Bit decoding routine during data reception, decoding a block of \(L_n\) code bits into a block of \(K_n\) data bits.

Parameters

encoded_bits (np.ndarray) – A numpy vector of \(L_n\) code bits, representing a single code block to be decoded.

Returns

A numpy vector of \(K_n\) bits, representing a single data block.

Return type

np.ndarray

Raises

ValueError – If the length of encoded_bits does not equal code_block_size().

property bit_block_size: int

Data bit block size of a single coding operation.

In other words, the number of input bits within a single code block during transmit encoding, or the number of output bits during receive decoding. Referred to as \(K_n\) within the respective equations.

Returns

Number of bits \(K_n\).

Return type

int

property code_block_size: int

Code bit block size of a single coding operation.

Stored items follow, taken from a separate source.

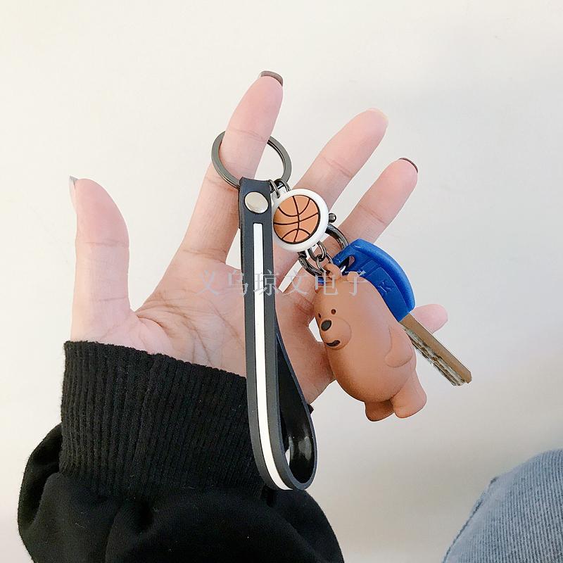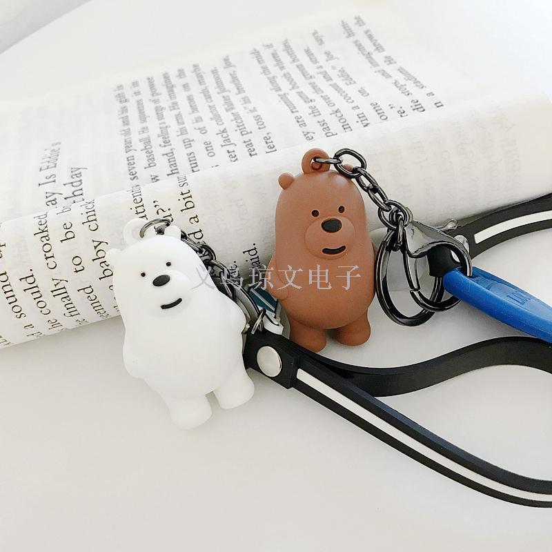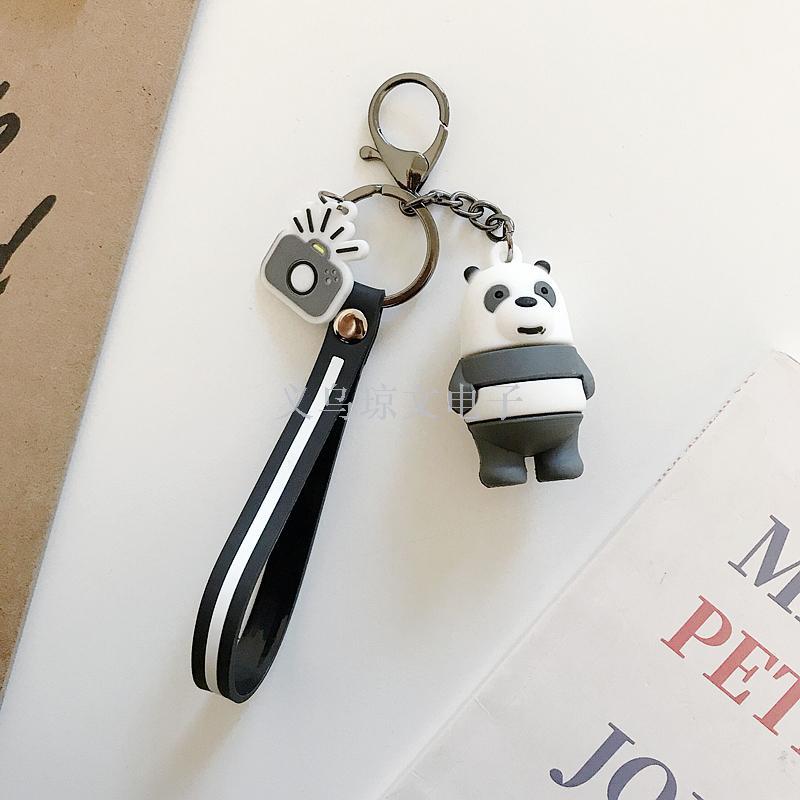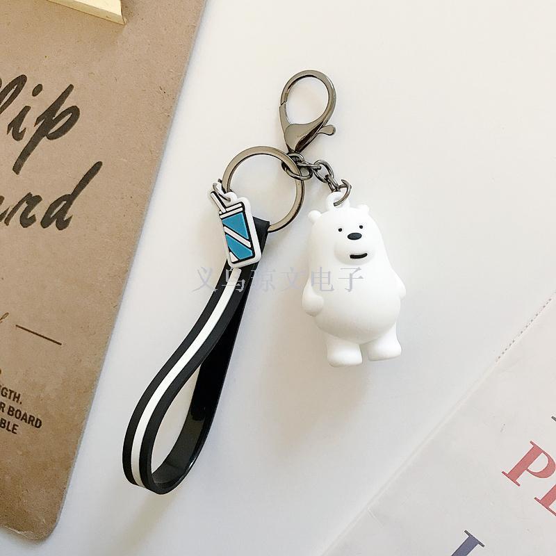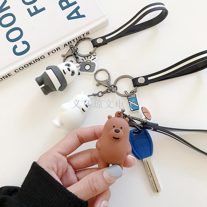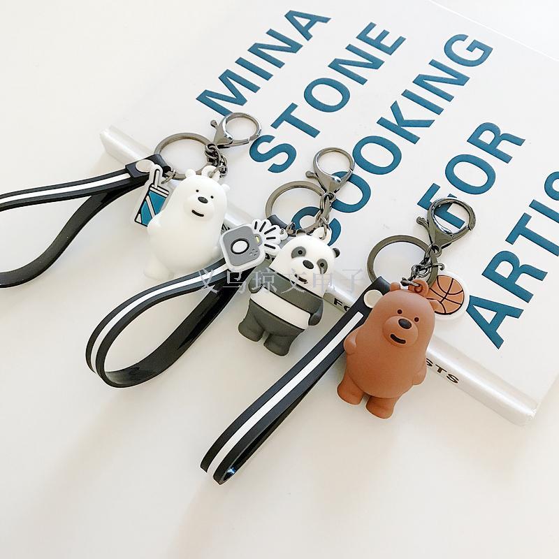 Korean Cute Our Naked 3 Foodie Bears Kit Keychain Car Keychain for Men and Women
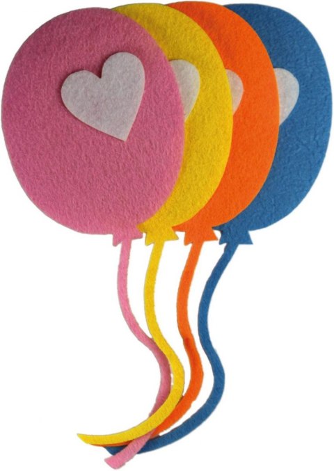 Filcowe baloniki 3D, wymiary: 83 x 249 mm, kolory: czerwony, niebieski, żółty, pomarańczow. 4 sztuki.
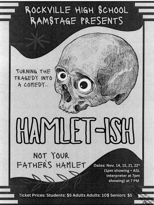 Join us for the Rockville High School production of Hamlet-ISH. The show dates are November 14, 15, 21, & 22* (1:00 p.m. showing + ASL interpreted show at 7:00 p.m. See flyer for prices and more details.
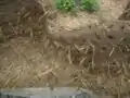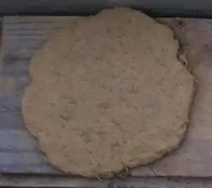 Once the sand and clay stick together sufficiently straw is added to the mix. A finished cob mix consistency should be such that if it is folded it will stick together (see fig. 5). An easy consistency test to perform is to roll a small ball out of the mixture and hold it in your hand. Then, without pinching your fingers together, pull your hands apart. If the mixture does not break apart easily it is of the proper consistency. You can also drop the mixture from shoulder height and let it hit the ground. If the mixture flattens it requires more sand, if it cracks, it requires more clay.
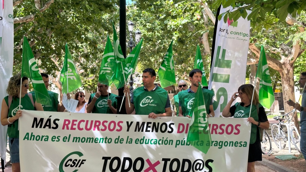 La Central Sindical Independiente y de Funcionarios (CSIF) ha convocado una concentración en Huesca para exigir al Departamento de Educación de Aragón la modificación de las instrucciones de cupo que, según el sindicato, no han sido negociadas y representan un ataque al sistema educativo. La manifestación forma parte de una movilización más amplia que también ha tenido lugar en las otras provincias de la comunidad autónoma.
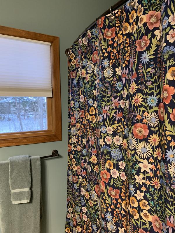 The Company Cotton™ Secret Meadow Percale Shower Curtain features a rich floral design to transform your bathroom into a botanical haven. Vibrant daisies, elegant poppies, and delicate wildflowers are interwoven with lush green foliage and set against a striking navy backdrop. This eye-catching pattern infuses your space with the charm of a blooming garden while maintaining a sophisticated aesthetic. Coordinates with our Secret Meadow Percale Bedding (sold separately).

In other words, the number of input bits within a single code block during receive decoding, or the number of output bits during transmit encoding. Referred to as \(L_n\) within the respective equations.

Returns

Number of bits \(L_n\).

Return type

int

1(1,2)

Physical Channels and Modulation. ETSI, 07 2018. Version 15.2.0 Release 15. URL: https://www.etsi.org/deliver/etsi_ts/138200_138299/138211/15.02.00_60/ts_138211v150200p.pdf.

2

IEEE. IEEE standard for telecommunications and information exchange between systems - LAN/MAN specific requirements - Part 11: wireless medium access control (MAC) and physical layer (PHY) specifications: high speed physical layer in the 5 GHz band. IEEE Std 802.11a-1999, 1999. doi:10.1109/IEEESTD.1999.90606.